** Opening DATA SEGMENT block **

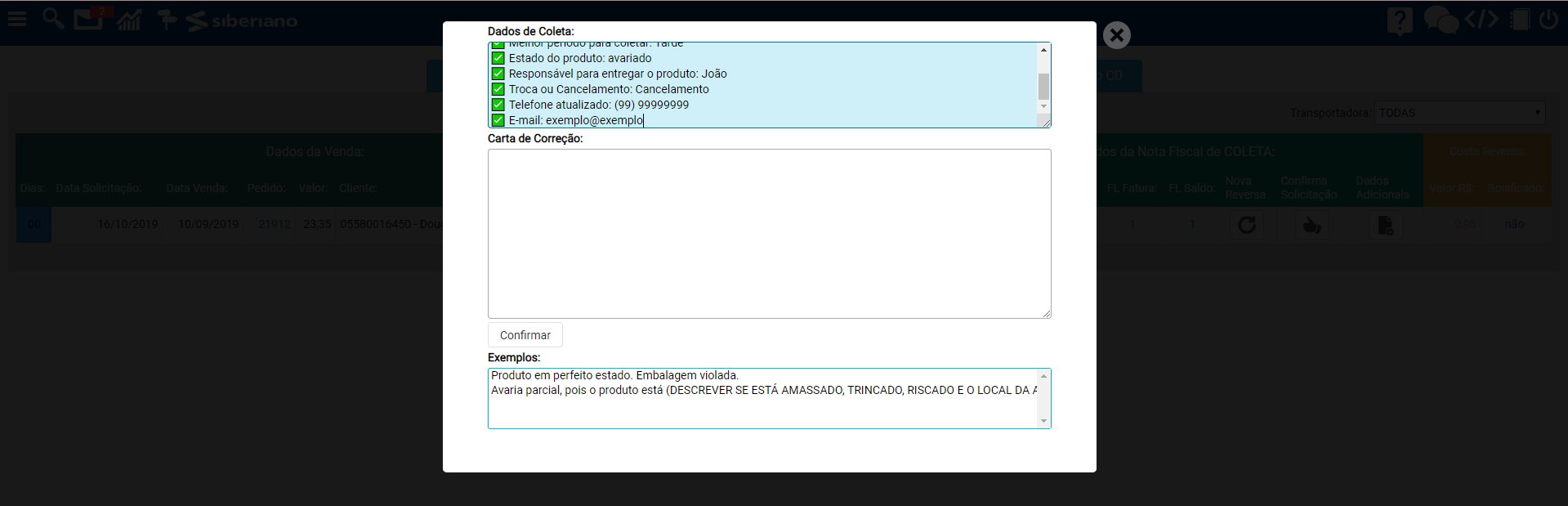 Assim que recebida a confirmação de coleta por parte da transportadora, ao clicar no botão “ok” o pedido terá seu status alterado para “retornando”.
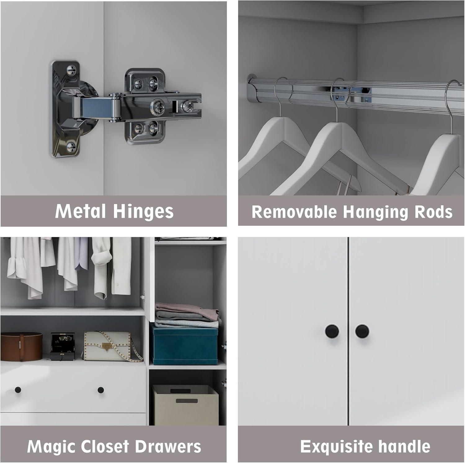| Includes clear instructions and all necessary hardware for assembly. | Lack of built-in lighting inside the wardrobe may require additional lighting solutions for better visibility. |
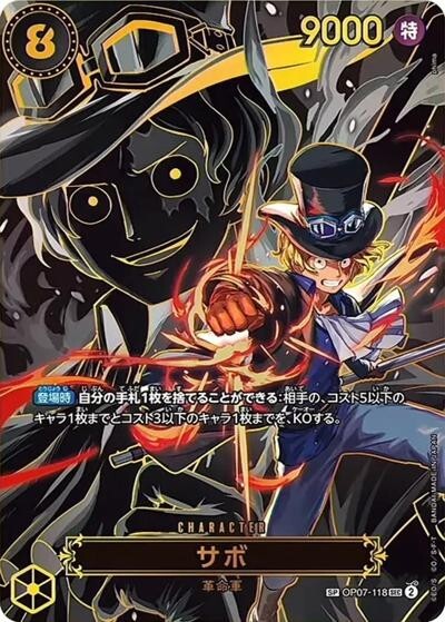 サボ 【シークレット】【SP】【パラレル】【黒】【OP07-118】【コスト8】【9000】【カウンター0】【登場時】革命軍

** Closing DATA SEGMENT block **

All of the material above must be retyped exactly, line for line, with the images dropped.

SOLUTION TO THE PROBLEM:
 Assim que recebida a confirmação de coleta por parte da transportadora, ao clicar no botão “ok” o pedido terá seu status alterado para “retornando”.
| Includes clear instructions and all necessary hardware for assembly. | Lack of built-in lighting inside the wardrobe may require additional lighting solutions for better visibility. |
 サボ 【シークレット】【SP】【パラレル】【黒】【OP07-118】【コスト8】【9000】【カウンター0】【登場時】革命軍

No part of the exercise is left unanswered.